*Work request*. Reproduce only the lines below from the line containing "Grundéns Tuna Tattoo" to the line containing "Industrial Endoscope 8.5MM", exactly as written, with both end lines kept. Omit the pictures.

*Available data*.
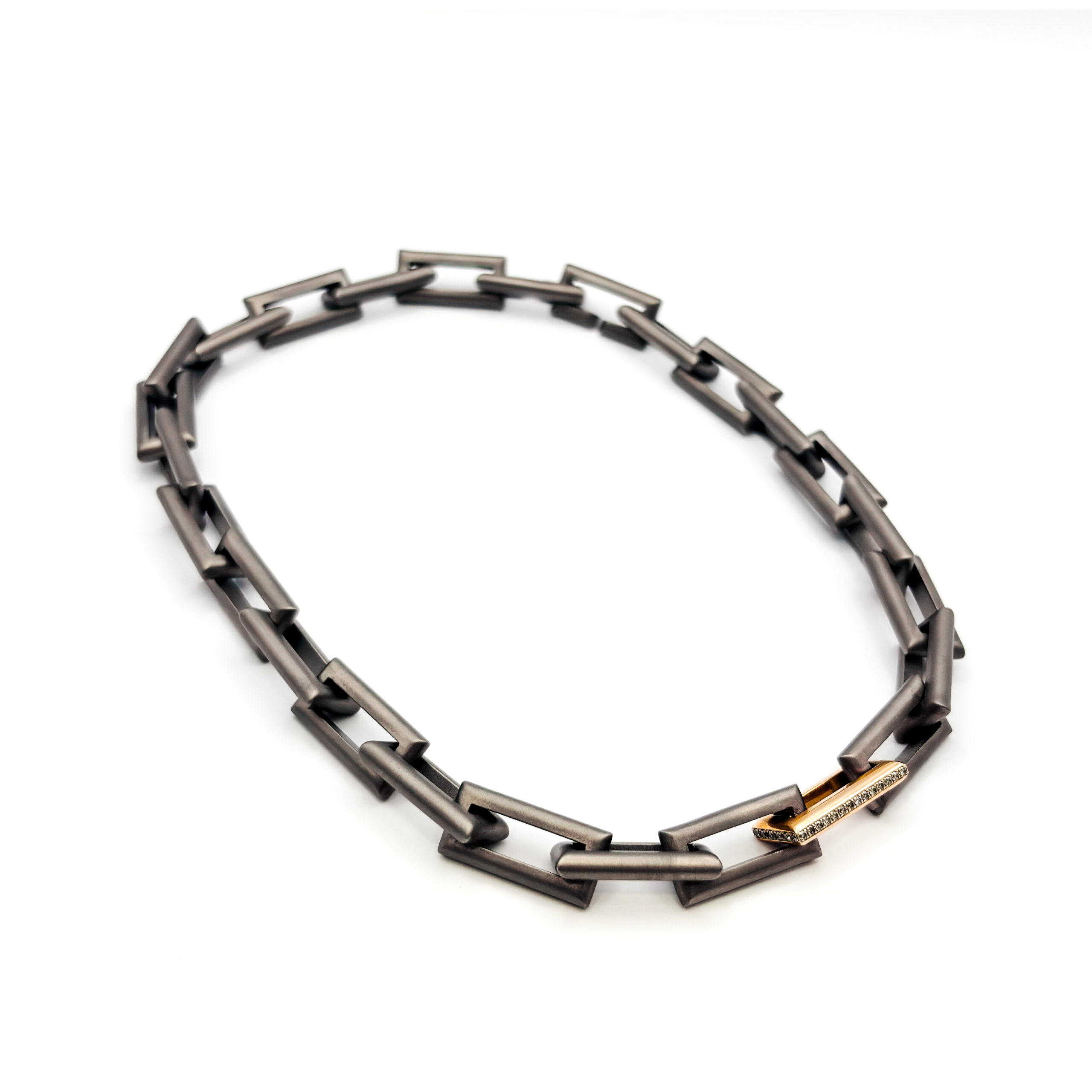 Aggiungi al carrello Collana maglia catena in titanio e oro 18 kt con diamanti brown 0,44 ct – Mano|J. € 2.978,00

...

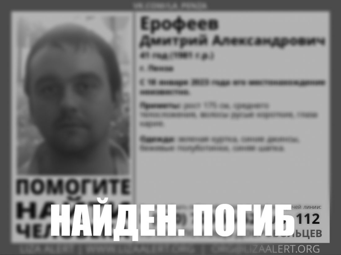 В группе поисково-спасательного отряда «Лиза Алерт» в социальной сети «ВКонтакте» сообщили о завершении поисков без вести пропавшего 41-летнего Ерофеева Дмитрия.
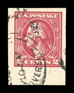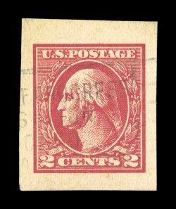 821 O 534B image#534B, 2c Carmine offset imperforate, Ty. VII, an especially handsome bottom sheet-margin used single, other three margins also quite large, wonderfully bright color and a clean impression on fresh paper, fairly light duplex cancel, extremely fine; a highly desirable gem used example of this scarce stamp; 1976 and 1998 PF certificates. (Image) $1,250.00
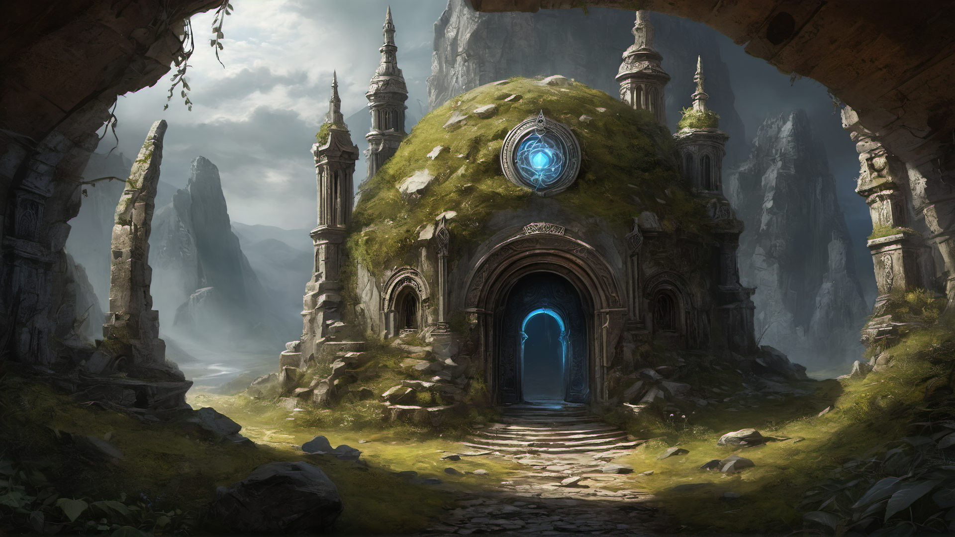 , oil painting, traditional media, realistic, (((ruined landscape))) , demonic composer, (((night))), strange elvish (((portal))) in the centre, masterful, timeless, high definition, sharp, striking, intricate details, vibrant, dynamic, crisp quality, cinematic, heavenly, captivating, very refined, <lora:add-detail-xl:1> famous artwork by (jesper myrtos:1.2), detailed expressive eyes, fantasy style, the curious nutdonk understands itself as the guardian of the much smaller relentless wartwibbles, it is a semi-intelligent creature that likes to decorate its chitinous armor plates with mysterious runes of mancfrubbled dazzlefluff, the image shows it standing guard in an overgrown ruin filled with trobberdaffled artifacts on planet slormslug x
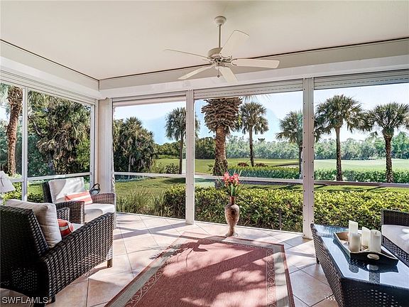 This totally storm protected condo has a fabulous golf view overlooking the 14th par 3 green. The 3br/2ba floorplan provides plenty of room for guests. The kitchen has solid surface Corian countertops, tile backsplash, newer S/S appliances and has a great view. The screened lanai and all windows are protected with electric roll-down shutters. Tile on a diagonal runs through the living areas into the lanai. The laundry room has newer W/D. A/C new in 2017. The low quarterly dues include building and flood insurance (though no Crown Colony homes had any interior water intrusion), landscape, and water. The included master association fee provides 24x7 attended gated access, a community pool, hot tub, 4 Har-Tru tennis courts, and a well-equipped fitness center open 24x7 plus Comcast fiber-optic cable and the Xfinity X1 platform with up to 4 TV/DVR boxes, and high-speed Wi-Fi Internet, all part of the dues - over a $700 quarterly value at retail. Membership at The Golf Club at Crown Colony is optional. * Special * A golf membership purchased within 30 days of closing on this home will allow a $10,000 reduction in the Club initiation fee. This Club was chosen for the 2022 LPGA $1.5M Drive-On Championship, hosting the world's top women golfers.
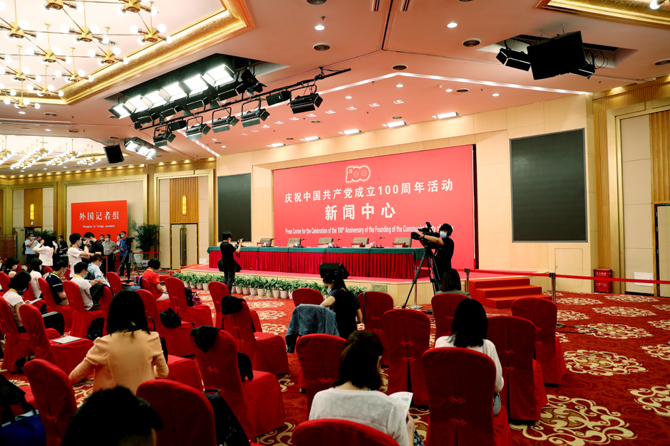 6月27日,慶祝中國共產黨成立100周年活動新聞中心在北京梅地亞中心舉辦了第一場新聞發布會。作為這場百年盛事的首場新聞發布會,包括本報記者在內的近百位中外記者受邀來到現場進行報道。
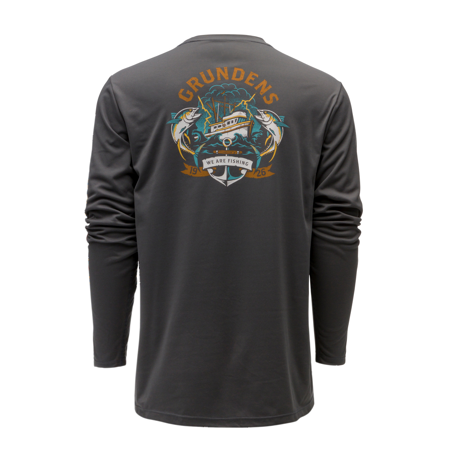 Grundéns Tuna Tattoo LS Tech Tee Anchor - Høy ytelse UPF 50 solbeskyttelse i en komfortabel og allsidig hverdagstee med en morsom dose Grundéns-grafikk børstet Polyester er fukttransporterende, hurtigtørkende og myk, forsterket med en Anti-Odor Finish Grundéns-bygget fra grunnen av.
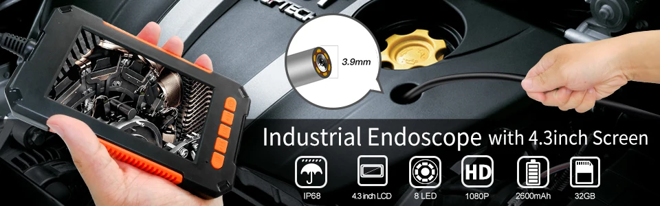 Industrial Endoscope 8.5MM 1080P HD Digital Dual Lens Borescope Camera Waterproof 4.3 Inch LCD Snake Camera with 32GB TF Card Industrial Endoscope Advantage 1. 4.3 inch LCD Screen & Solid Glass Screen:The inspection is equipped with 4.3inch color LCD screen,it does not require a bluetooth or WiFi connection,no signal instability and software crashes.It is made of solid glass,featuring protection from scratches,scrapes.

*Response to the task*.
 Grundéns Tuna Tattoo LS Tech Tee Anchor - Høy ytelse UPF 50 solbeskyttelse i en komfortabel og allsidig hverdagstee med en morsom dose Grundéns-grafikk børstet Polyester er fukttransporterende, hurtigtørkende og myk, forsterket med en Anti-Odor Finish Grundéns-bygget fra grunnen av.
 Industrial Endoscope 8.5MM 1080P HD Digital Dual Lens Borescope Camera Waterproof 4.3 Inch LCD Snake Camera with 32GB TF Card Industrial Endoscope Advantage 1. 4.3 inch LCD Screen & Solid Glass Screen:The inspection is equipped with 4.3inch color LCD screen,it does not require a bluetooth or WiFi connection,no signal instability and software crashes.It is made of solid glass,featuring protection from scratches,scrapes.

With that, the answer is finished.